“And I just had my hair done,” said Gavriela. She pulled a plastic rain bonnet from her purse and tied it around her chin.
On the corner of Yeni Çarşı Street and the Grand Avenue, boys holding buckets of clear plastic umbrellas shouted, “Umbrella, umbrella! Ladies and gentlemen, come on over!”
Fanis bought one and held it over Gavriela. Then he remembered that he wanted to buy a box of cinnamon lokum. He’d been feeling dizzy lately, and sugar always seemed to help. He looked at his watch: four thirty-five. Since his trainee would be at the church, however, it wouldn’t matter if they were a few minutes late. “Let’s stop quickly at Muharrem’s,” he said. “On the way, you can catch me up on Kosmas and Daphne.”
“That crosspatch Rea is trying to break them up,” said Gavriela. “It’s not that I don’t understand her point of view. I wasn’t happy when my sister married an Ottoman. But this is different. It isn’t about religion at all. Rea just wants Kosmas all to herself.”
“I can’t say I haven’t suspected the same thing.”
“Daphne’s like a daughter to me, Fanis.” Gavriela made her characteristic hissing sound. “I had such high hopes that she might come home. But Rea’s going to ruin it for all of us.”

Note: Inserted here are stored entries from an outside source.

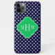 Navy White Polka Dot Emerald Quatrefoil 3 Monogram Case-Mate iPhone Case
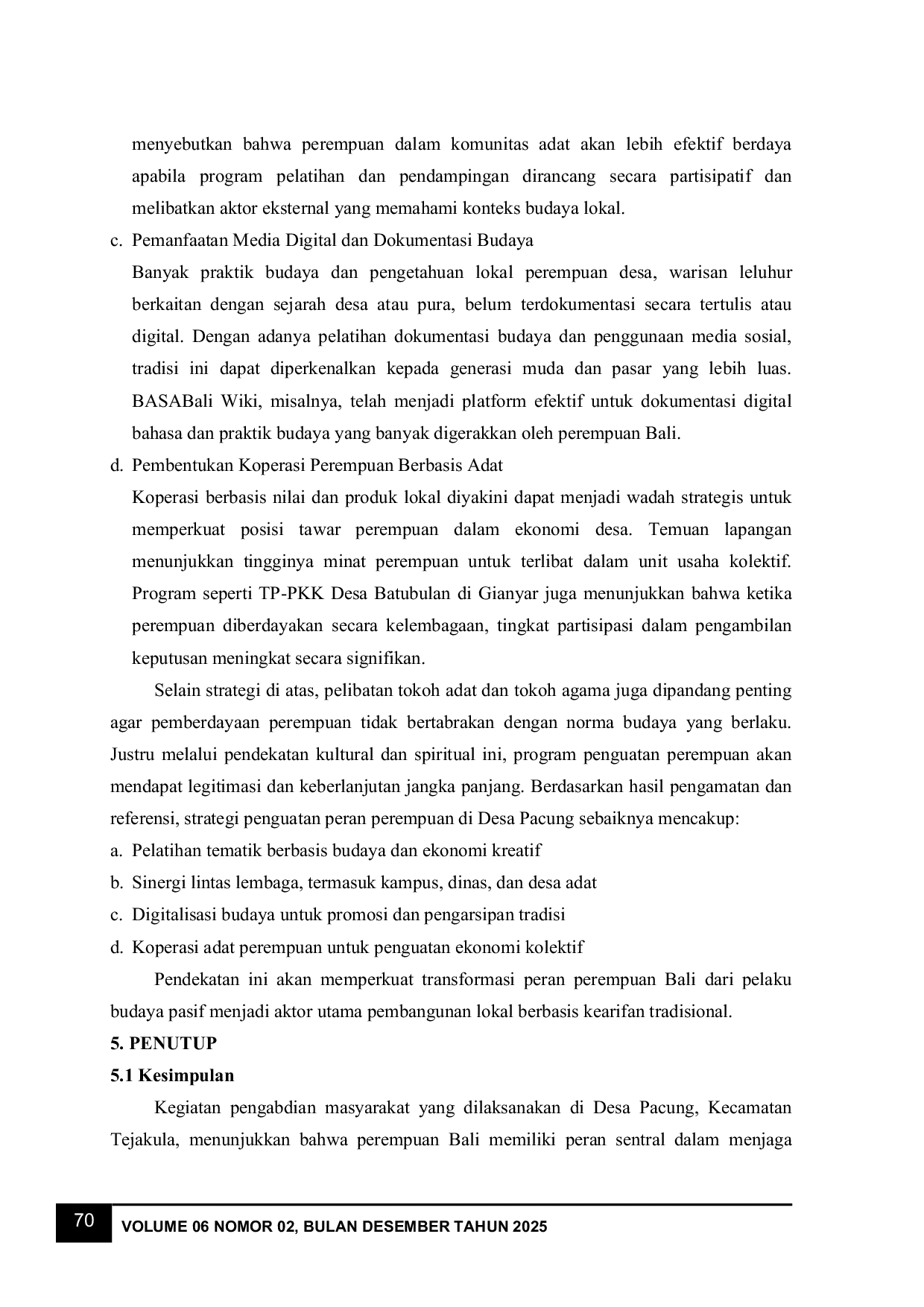 Perempuan Bali memiliki peran sentral dalam menjaga kearifan lokal melalui pelestarian tradisi, pengelolaan lingkungan, dan penguatan ekonomi keluarga.Tradisi lokal seperti kerajinan, kuliner, dan ritual memiliki potensi besar dikembangkan sebagai sumber ekonomi kreatif.Strategi penguatan meliputi pelatihan berkala, kolaborasi lintas lembaga, digitalisasi budaya, serta pembentukan koperasi perempuan adat.Revitalisasi kearifan lokal melalui peran perempuan menjadi jalan strategis untuk pembangunan desa yang berkelanjutan, inklusif, dan berbasis masyarakat.
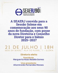 WhatsApp Image 2025-07-14 at 10.00.55 Postado por SEAERJ Data 14 de julho de 2025 Comentários 0 comentários Compartilhar: SEAERJ Você também pode se interessar Comunicado sobre prova de vida de aposentados e pensionistas do Estado 27 de fevereiro de 2026 SEAERJ apoia paralisação do serviço público em defesa da recomposição salarial 23 de fevereiro de 2026 SEAERJ apresenta à Prefeitura do Rio pleito de equiparação salarial para profissionais da área técnica 9 de fevereiro de 2026
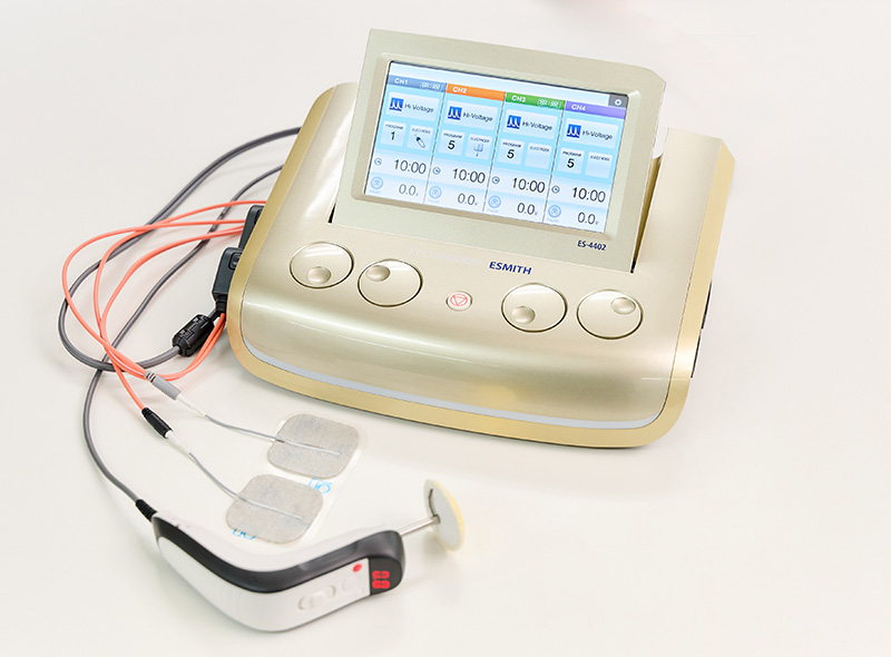 小島鍼灸整骨院のハイボルテージ療法は、医療業界で高い信頼を得ている伊藤超短波製の機器を使用し、瞬間的な高電圧を断続的に流すことにより、火傷をしない、安全で高い治療効果を実現しています。
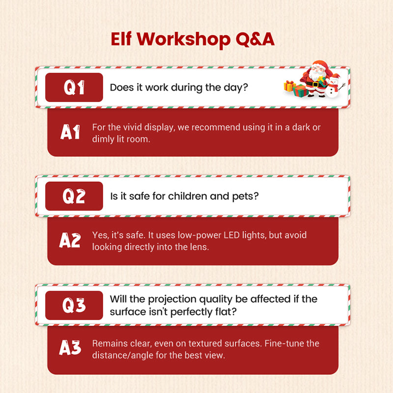 EINFACHE PLUG-AND-PLAY-INSTALLATION – Vergessen Sie komplizierte Installationen und verhedderte Lichterketten. Stellen Sie einfach den Projektor auf, schließen Sie ihn an und füllen Sie Ihren Raum sofort mit einer fantastischen Lichtshow. Weihnachtsdekoration war noch nie so einfach und schnell.
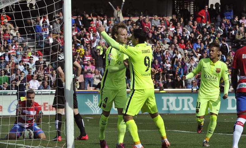 Después de su triunfo ante el Manchester City en la Champions, los culés jugaron a medio gas en el maltrecho césped del Nuevo Los Cármenes, donde casi nunca estuvieron cómodos a excepción de los últimos minutos, con casi todo el pescado ya vendido. Al final acabaron valiendo los goles de Rakitic, Luis Suárez y Messi, en un partido en el que el croata fue sin duda el gran protagonista de la tarde: además de marcar el 0-1, también asistió al uruguayo en el segundo e inició la jugada del definitivo 1-3, con Leo marcando en fuera de juego. Por los granadinos marcó Fran Rico, transformando un inexistente penalti de Marc Bartra sobre Lass Bangoura.
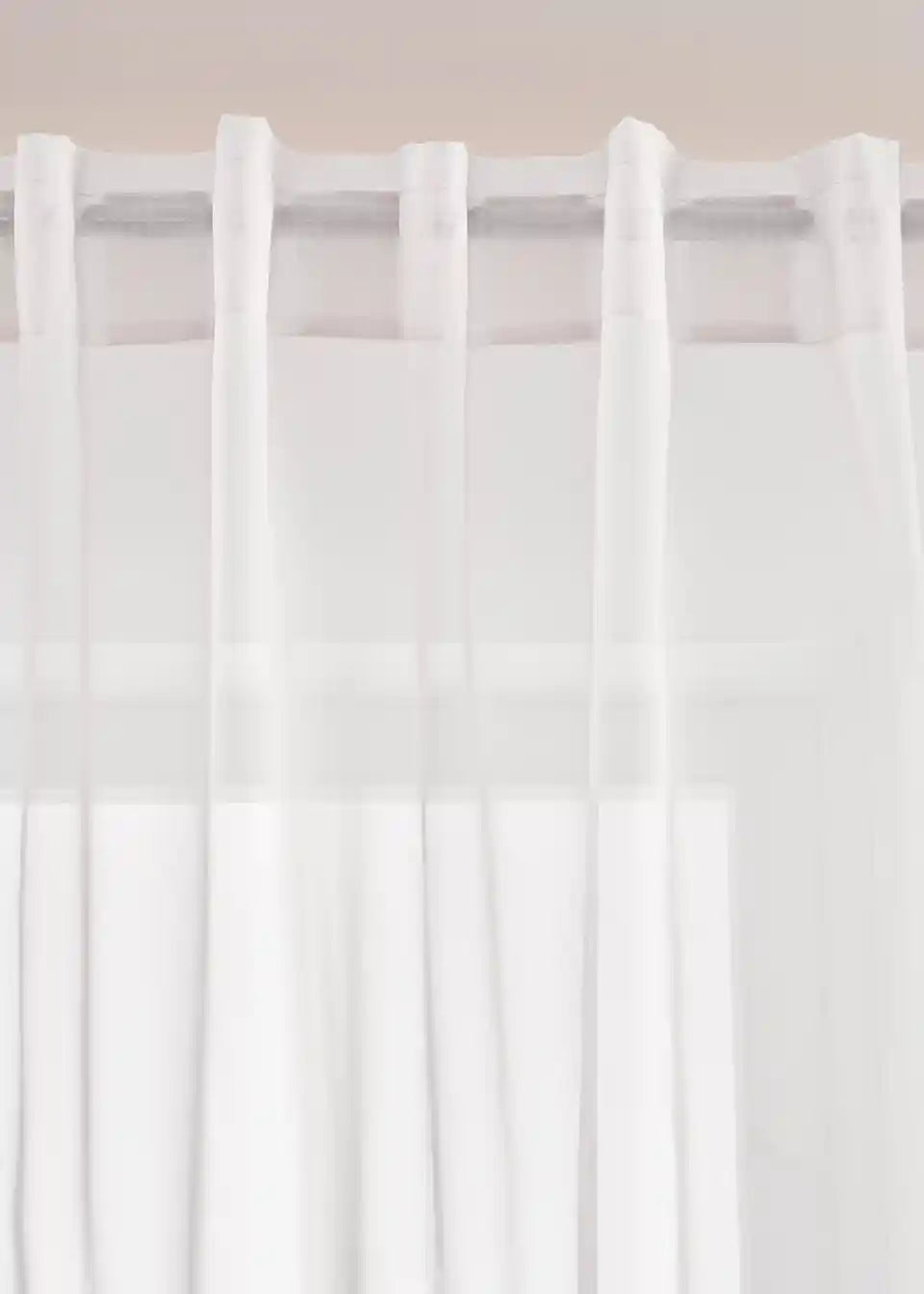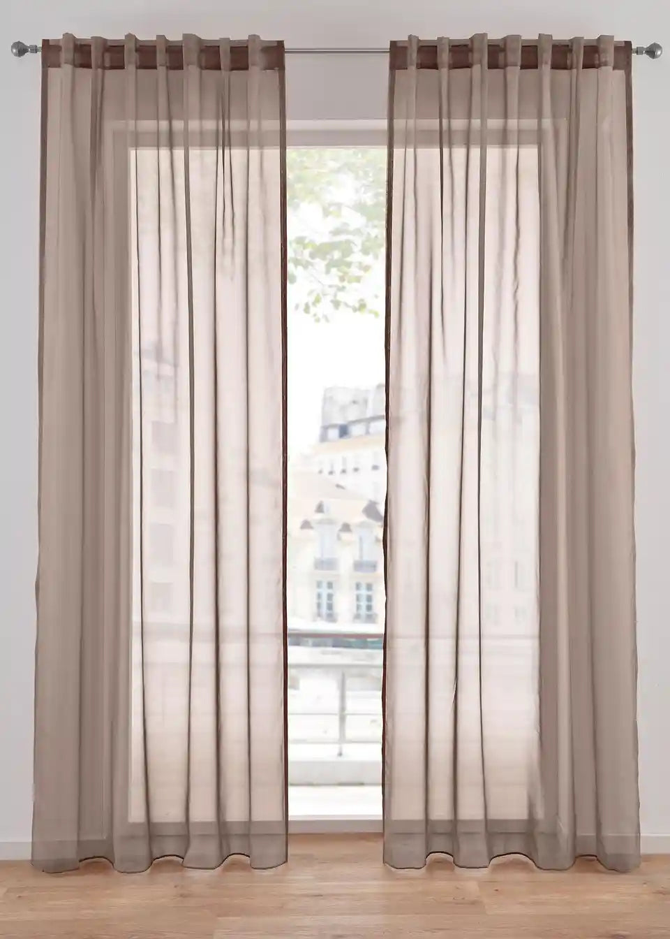 Ta prosojna zavesa v hipu in na diskreten način polepša vsak okenski del. Fina tkanina se odlikuje po zračnem in lahkotnem padcu. Poleg tega je material enostaven za nego in primeren za strojno pranje. Ne glede na to, ali je spuščena ali z dekorativnim trakom nabrana, ta zavesa vsakemu bivalnemu prostoru podari zračno, lahkotno vzdušje.

“Come, come,” said Fanis, as they hurried past fish tables and shop fronts illumined by single bulbs dangling into the gray Istanbul evening. “Don’t see everything black. She’s coming for Easter at least.”
“That’s just a visit,” said Gavriela, with her eyes on the cobblestones. “Only eight days. I want forever.”
They stopped beneath the awning of Muharrem’s sweet shop. With her eyes fixed now on the baklava trays in the display case, Gavriela said, “Listen, Fanis, I’m sorry about what I said at Neighbor’s House. It was such a shock for us.”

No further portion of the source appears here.